[Record set Boundary: Start]

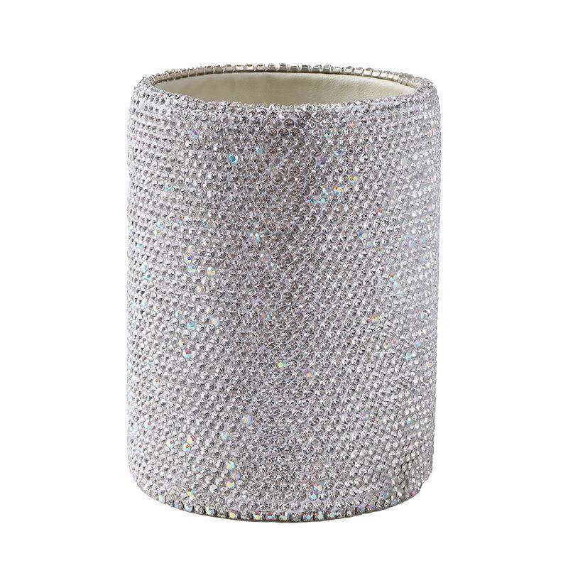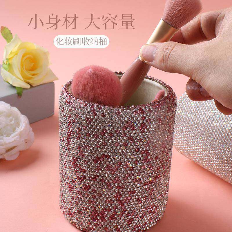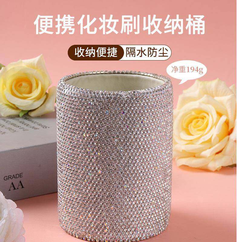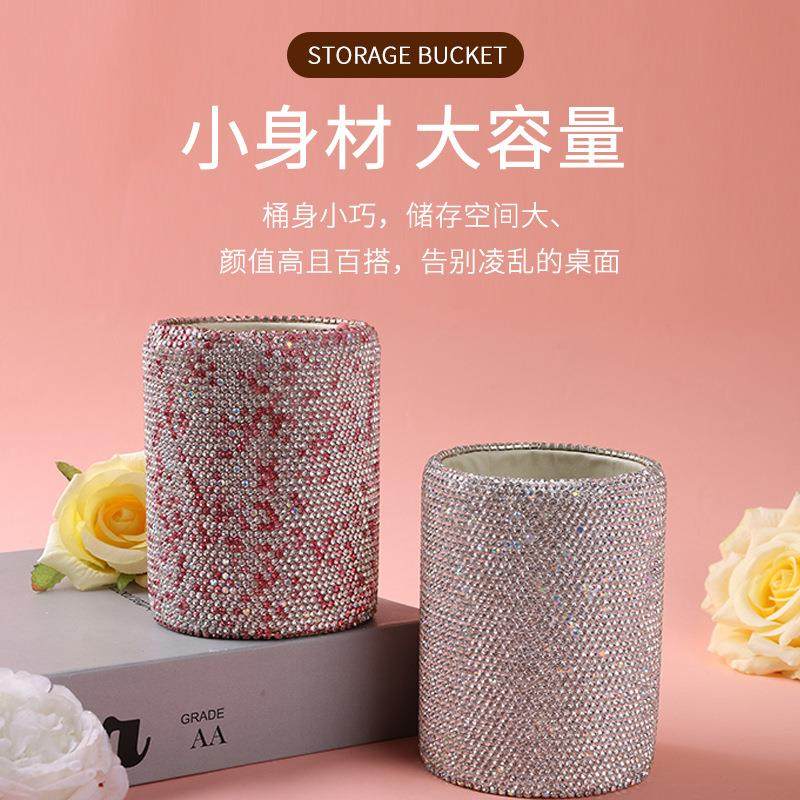 镶钻轻奢创意桌面文具收纳桶化妆刷梳子桌面水晶收纳摆件办公笔筒
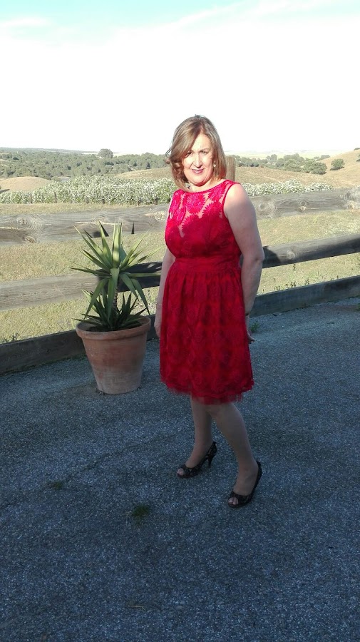 Este que luce mi gran amiga Paqui tiene un largo que favorece mucho. Es de encaje y ceñido a la cintura.
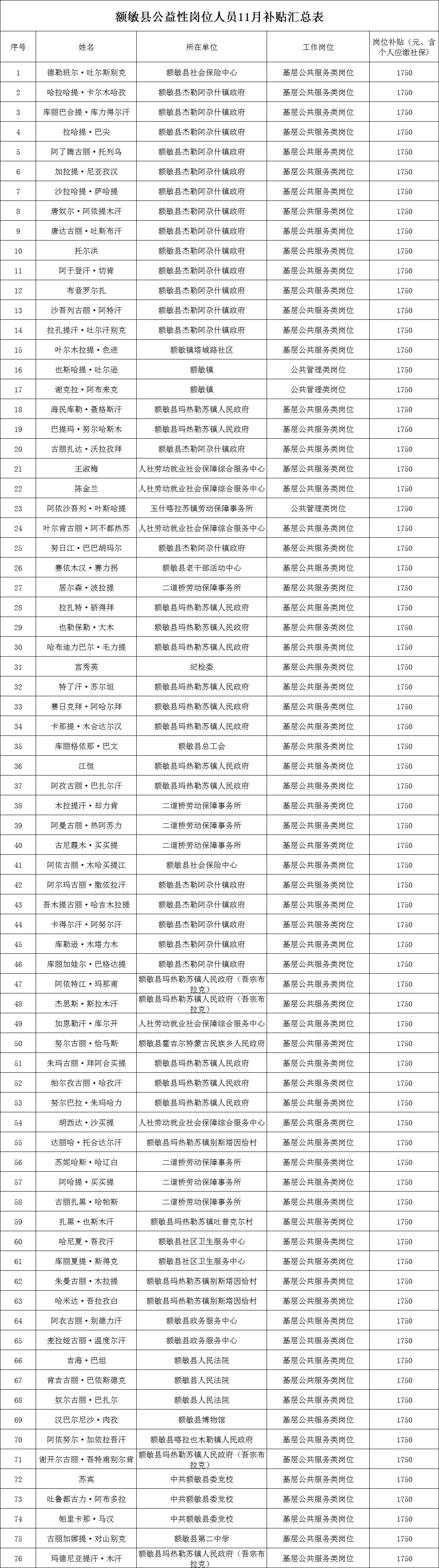 按照《新疆維吾爾自治區(qū)就業(yè)資金管理暫行辦法》(新財(cái)社〔2018〕241號(hào))、《關(guān)于進(jìn)一步做好公益性崗位開發(fā)管理有關(guān)工作的通知》(新人社發(fā)〔2020〕8號(hào))相關(guān)要求,現(xiàn)對(duì)額敏縣2025年11月份公益性崗位人員社保補(bǔ)貼予以公示。
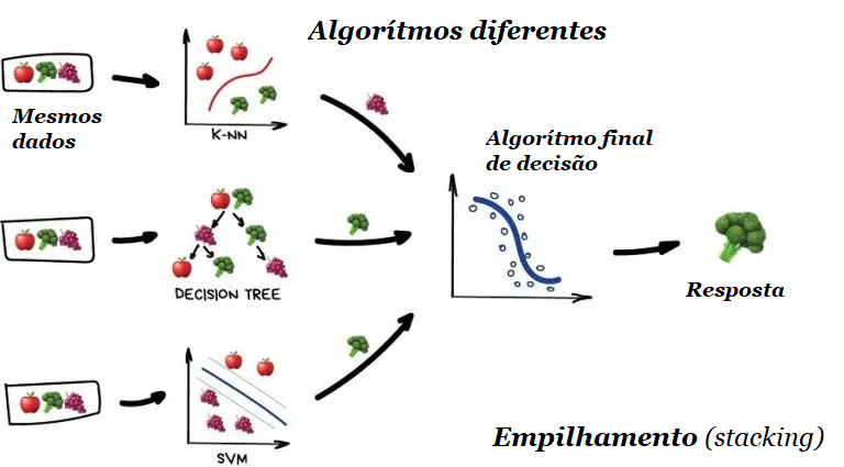 Ressalto aqui a palavra “diferente”. Misturar os mesmos algoritmos nos mesmos dados não faria sentido. A escolha dos algoritmos é totalmente de quem está resolvendo o problema. No entanto, para o modelo final de tomada de decisão, a regressão geralmente é uma boa escolha.
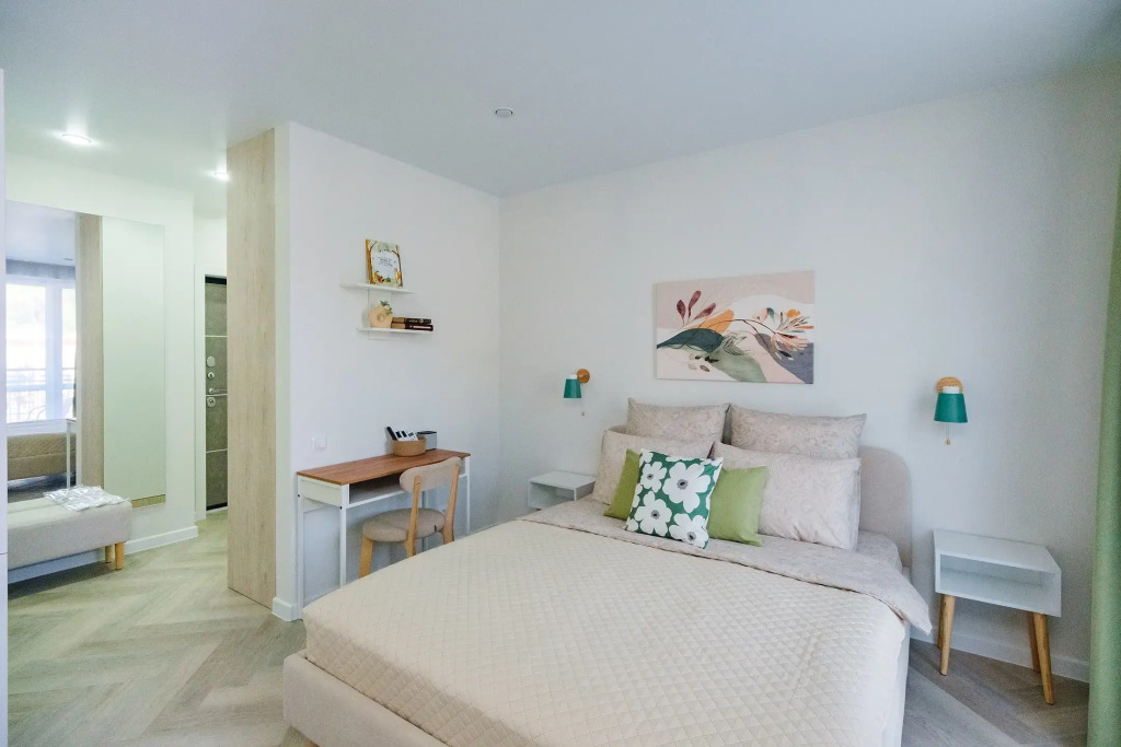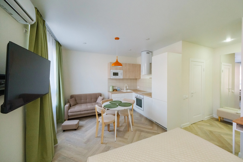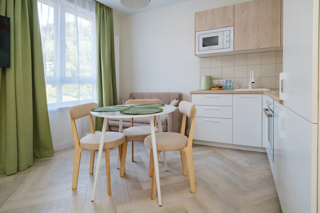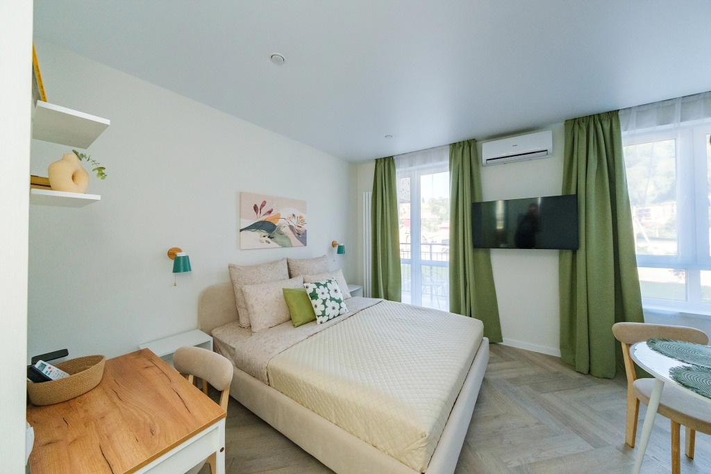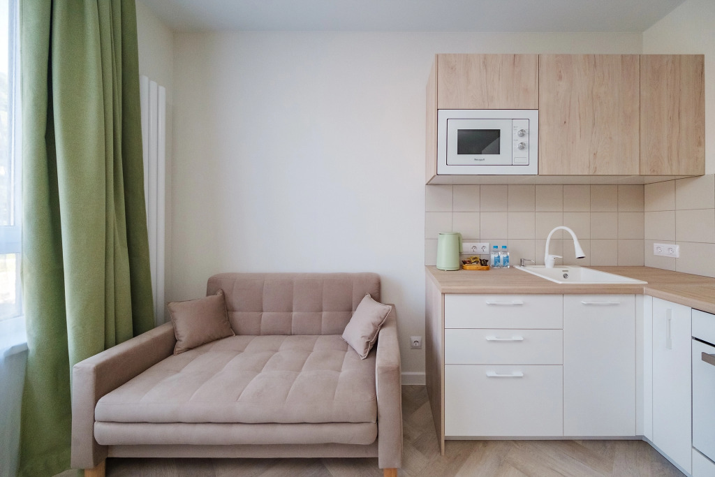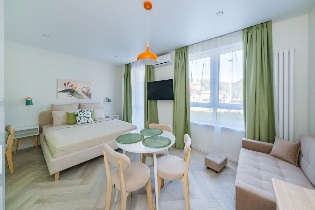 Гостиница Квартира Уютная и новая студия в Кудепсте, адрес на карте Сочи, улица Искры, д.88 корп.10, с описанием номеров и правом онлайн бронирования на площадке ВашОтель.RU , цены проживания и удобства.

[Record set Boundary: End]

● What to work on
Each line from the beginning of the entries up to and including the one containing "按照《新疆維吾爾自治區(qū" must be restated exactly. Pictures are to be left out.

● Completed exercise
 镶钻轻奢创意桌面文具收纳桶化妆刷梳子桌面水晶收纳摆件办公笔筒
 Este que luce mi gran amiga Paqui tiene un largo que favorece mucho. Es de encaje y ceñido a la cintura.
 按照《新疆維吾爾自治區(qū)就業(yè)資金管理暫行辦法》(新財(cái)社〔2018〕241號(hào))、《關(guān)于進(jìn)一步做好公益性崗位開發(fā)管理有關(guān)工作的通知》(新人社發(fā)〔2020〕8號(hào))相關(guān)要求,現(xiàn)對(duì)額敏縣2025年11月份公益性崗位人員社保補(bǔ)貼予以公示。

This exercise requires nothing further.